Midterm

You have two hours to complete the following questions. I will be available during this time only, after 1:30 you will not be able to submit your assignment. Make sure that it is finished and uploaded before this time.

Question #1: The input of the following functions are positive integers n and r. Explain in words what the following two functions do and how they work:
> dig:=(n,r)->irem(iquo(n,10^(r-1)),10);
> ds:=n->[seq(dig(n,r),r=1..ceil(log10(n+1.)))];

Explain why in Maple it is the case that the command ds(10^10) behaves differently than ds(10^3).

Question #2: Let st be your student id number.
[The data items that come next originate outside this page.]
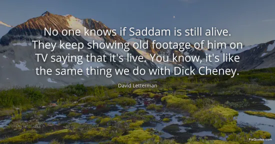 Letterman, David. "No one knows if Saddam is still alive. They keep showing old footage of him on TV saying that it's live. You know, it's like the same thing we do with Dick Cheney." FixQuotes. January 15, 2026. https://fixquotes.com/quotes/no-one-knows-if-saddam-is-still-alive-they-keep-147598/.
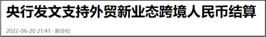 我们在6月20日发文支持外贸新业态跨境人民币结算。
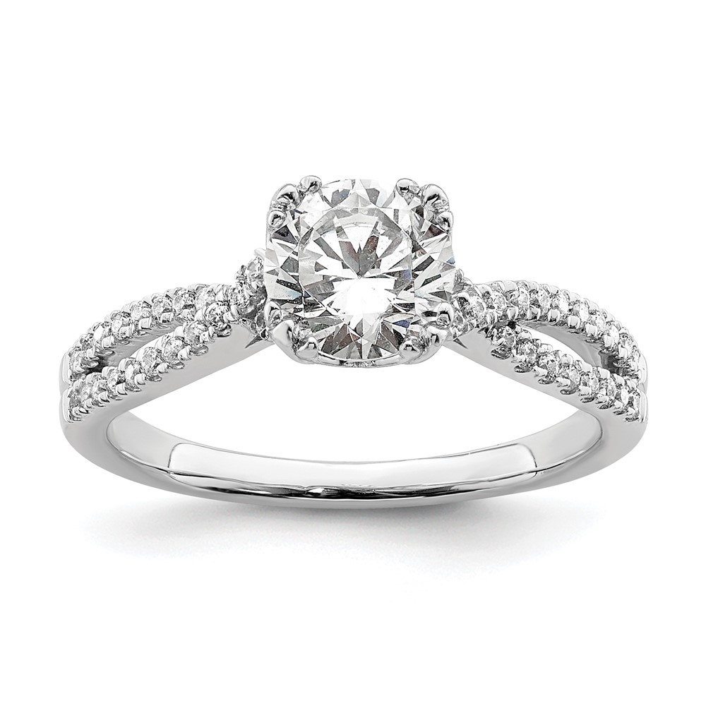 14k White Gold Criss-Cross (Holds 1 carat (6.5mm) Round Center) 1/5 carat Diamond Semi-Mount Engagement Ring
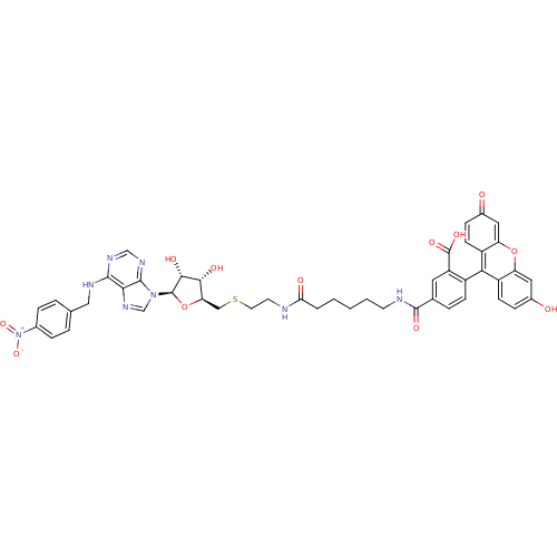 5-[(5-{[2-({[(2S,3S,4R,5R)-3,4-dihydroxy-5-(6-{[(4-nitrophenyl)methyl]amino}-9H-purin-9-yl)oxolan-2-yl]methyl}sulfanyl)ethyl]carbamoyl}pentyl)carbamoyl]-2-(6-hydroxy-3-oxo-3H-xanthen-9-yl)benzoic acid | 5-(SAENTA)-X8-fluorescein

Consider the graph of the function:
> plot(mul(cos(Pi*x/(v+1))^2, v = ds(irem(st,10000)), x = 0 .. 10!);
Count how many times the this function is equal to 1 in the interval from 0 to 10! (10 factorial). It will only be 1 for integer values of $x$ so one way of doing this is by running through a loop and testing when mul(cos(Pi*x/(v+1))^2, v = ds(irem(st,10000)) is equal to 1.

Question #3: Find the area between the two functions $6 sin(x)$ and $sin(x) sin^2(3x)$ and plot the graphs between 0 and $2\pi$.

Question #4: Let $d_0 = 1$, $d_1 = 1$ and for $n>1$, $d_{n+1} = 3 d_n - d_{n-1}$. Estimate the limit of $d_{n+1}/d_n$ as $n \rightarrow \infty$ to 3 decimal places.

Question #5: Let $a_n$ be number where the digit 3 repeated $n$ times followed by 1 repeated $n$ times (e.g. $a_5 = 3333311111$). For which values of $1 \leq n \leq 15$ is $a_n$ divisible by 13?

NOTE THAT THE PENALTY FOR HANDING THIS IS LATE IS QUITE STRICT. I WANT YOU TO DO THIS IN THE ALOTTED TIME. You should be able to complete this quiz within the class time. If you finish after the class time your overall grade for this assignment will be reduced by 20% per hour (or part thereof). Make sure that your file is uploaded by 1:30pm. Upload your worksheet to the course moodle.

You are expected to work alone on this assignment. Any indication of academic dishonesty will result in a 0 for the assignment and possible higher penalties.